Review Question - QID 108867

The most likely diagnosis in this vignette is tuberous sclerosis. Children with tuberous sclerosis are at an increased risk of developing cortical hamartomas, retinal hamartomas, cardiac rhabdomyomas, and renal angiomyolipomas.

In this infant with a history of recent infantile spasm and skin findings of hypopigmented macules, a neurocutaneous syndrome should be suspected. Cutaneous manifestations of tuberous sclerosis include hypopigmented macules (ash leaf spots) that are best visualized under ultraviolet light as seen in this case, angiofibromas (adenoma sebaceum), and patches of leathery thickening (shagreen patches). Tuberous sclerosis is an autosomal dominant neurocutaneous disorder that occurs due to a mutation in either TSC1 (encoding hamartin) or TSC2 (encoding tuberin). Mutations in TSC1 or TSC2 predispose children to the development of cortical hamartomas which eventually lead to CNS symptoms. Patients with tuberous sclerosis are also at an increased risk of developing retinal hamartomas, cardiac rhabdomyomas, and renal angiomyolipomas. Cardiac rhabdomyomas are the most common cardiac tumors in children and their presentation can range from fetal demise to signs of outflow obstruction to an incidental finding.

Figure A demonstrates the characteristic appearance of an ash leaf spot in a patient with tuberous sclerosis. These spots are hypopigmented macules that may appear anywhere on the body and are caused by decreased levels of melanin in the skin. They are often best visualized under a Wood's lamp (ultraviolet light).

Incorrect Answers:
Answer 1: Pilocytic astrocytoma is a benign CNS tumor composed of astrocytes. It is the most common childhood primary brain tumor and primarily occurs in children between 8 and 13 years old.

Answer 3: Medulloblastoma is a malignant tumor arising from the medulla. It can present with hydrocephalus if the tumor blocks outflow through the fourth ventricle just inferior to the medulla.

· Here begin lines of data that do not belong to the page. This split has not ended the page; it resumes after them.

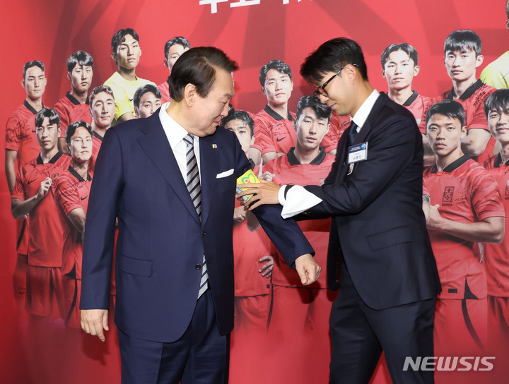 주장 손흥민 선수에게 명예 캡틴 완장 받는 윤석열 대통령
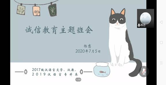 2017级汉语国际教育专业、2017级汉语言专业5、6班、2019级汉语言文学专升本共232名同学于7月5日晚7:30在腾讯会议召开“诚信教育”主题班会,会议由辅导员杨恋主持。
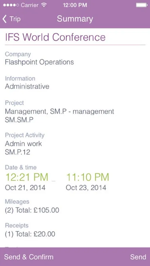 IFS Trip Tracker 10 makes it easy to track expenses, mileage, and deductions during your travels. The completed travel report is then sent to IFS Applications as an expense sheet for further processing and reimbursement.
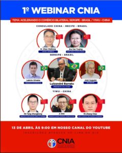 13, às 9h, do 1° Webinar  da Câmara de Negócios Internacionais de Alagoas CNIA (no canal do youtube da entidade: https://www.youtube.com/channel/UCNae7wrt0PlzPfAzjY9DWwQ) com a participação do consulado  da China em Recife, do Governo da cidade IYWU e representantes da política econômica do Brasil. O objetivo desse encontro é consolidar a remessa de mercadorias de origem alimentar para o grande mercado de IYWU. A CNIA acredita nas empresas produtoras de alimentos do estado de Sergipe e com o apoio do membro oficial da CNIA o deputado federal @laerciosergipe a pauta ficará mais em evidências! O secretário José Augusto também irá participar desse encontro! Inscrições aqui.
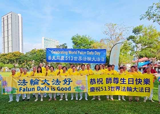 - 庆祝世界法轮大法日 马来西亚学员谢师恩- 五月十二日清晨,马来西亚北部槟城州和吉打州法轮功学员齐聚槟城州槟岛双溪里蒙休闲公园,欢庆“世界法轮大法日”。
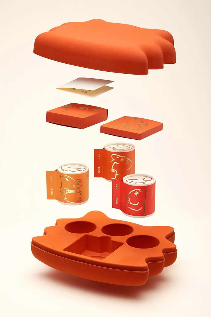 禮盒包裝突破原有的對(duì)稱形狀,不是方形,圓形等常規(guī)禮盒,而是根據(jù)2022虎年的特點(diǎn),設(shè)計(jì)為虎臉形狀的異形禮盒。禮盒的顏色也采用了老虎身上的橙色,這個(gè)禮盒拿在手上,好像也為寒冷的冬季帶來了一份溫暖。
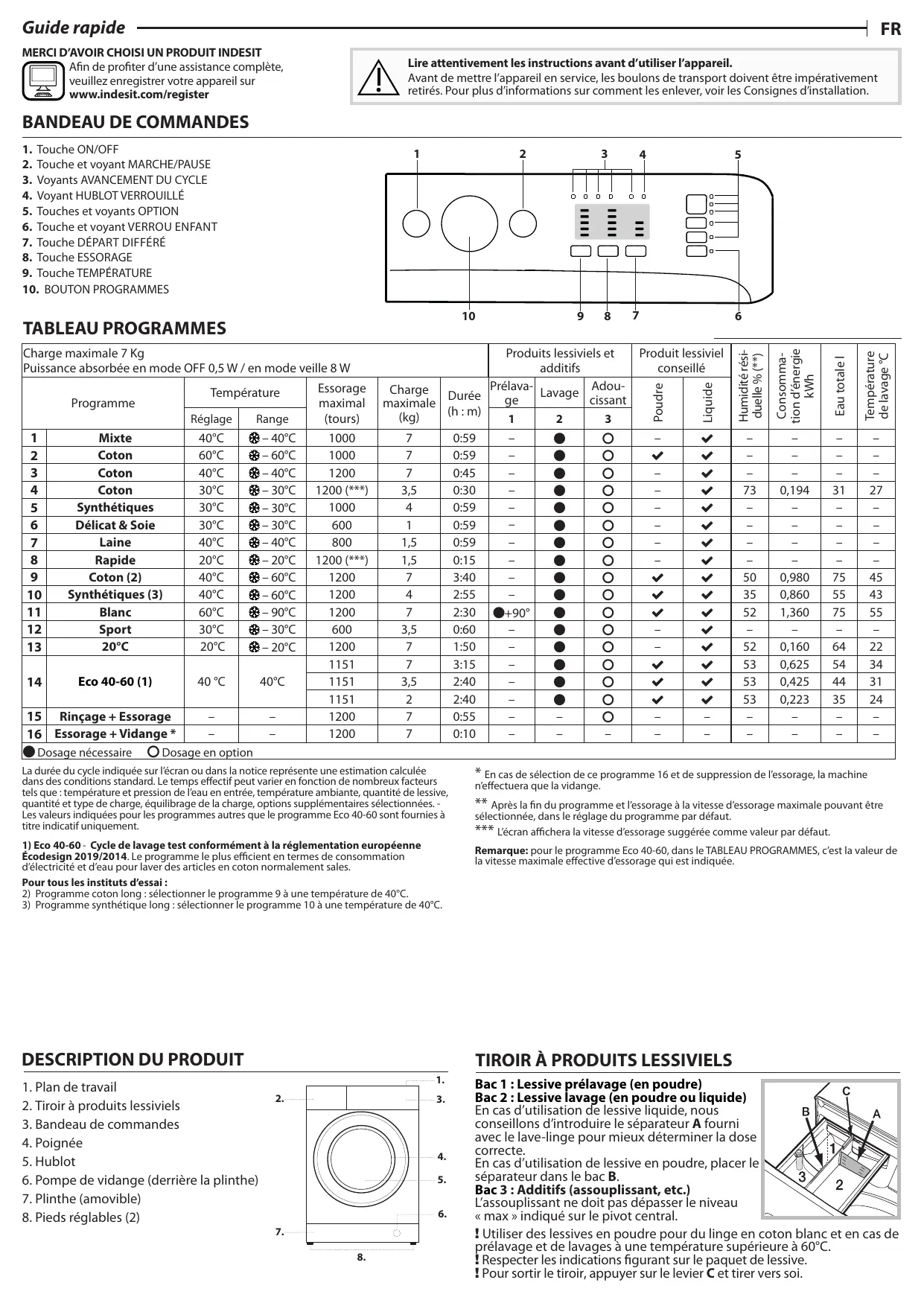 Retrouvez gratuitement la notice de l'appareil mtwa71296wfr INDESIT au format PDF.
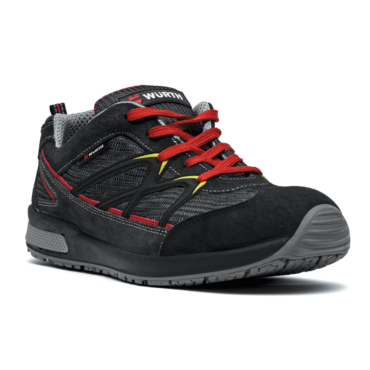 Këpucët e punës Jogger Black me shkallë mbrojtjeje O1 janë bërë nga një kombinim i lëkurës së përmbysur dhe tekstilit. Veshja e brendshme është prej tekstili të rehatshëm dhe të butë. Mbushja antistatike e zëvendësueshme është e dizajnuar në mënyrë anatom

Answer 4: Nephroblastoma, also known as Wilms’ tumor, is the most common type of kidney cancer in children. Children with Wilms tumor-aniridia-genitourinary malformation-retardation (WAGR) syndrome and Denys-Drash syndrome are at an increased risk of developing nephroblastoma.

Answer 5: Hepatoblastoma is a rare malignant tumor arising from the liver. It is the most common form of liver cancer in children and primarily occurs in children between infancy and five years of age. Children with Beckwith-Wiedemann syndrome and familial adenomatous polyposis are at an increased risk of developing hepatoblastoma.

Bullet Summary:
Cardiac rhabdomyomas are the most common cardiac tumor in children and their presentation depends on the degree of obstruction of cardiac valves or chambers. Children with tuberous sclerosis are at an increased risk of developing cardiac rhabdomyomas.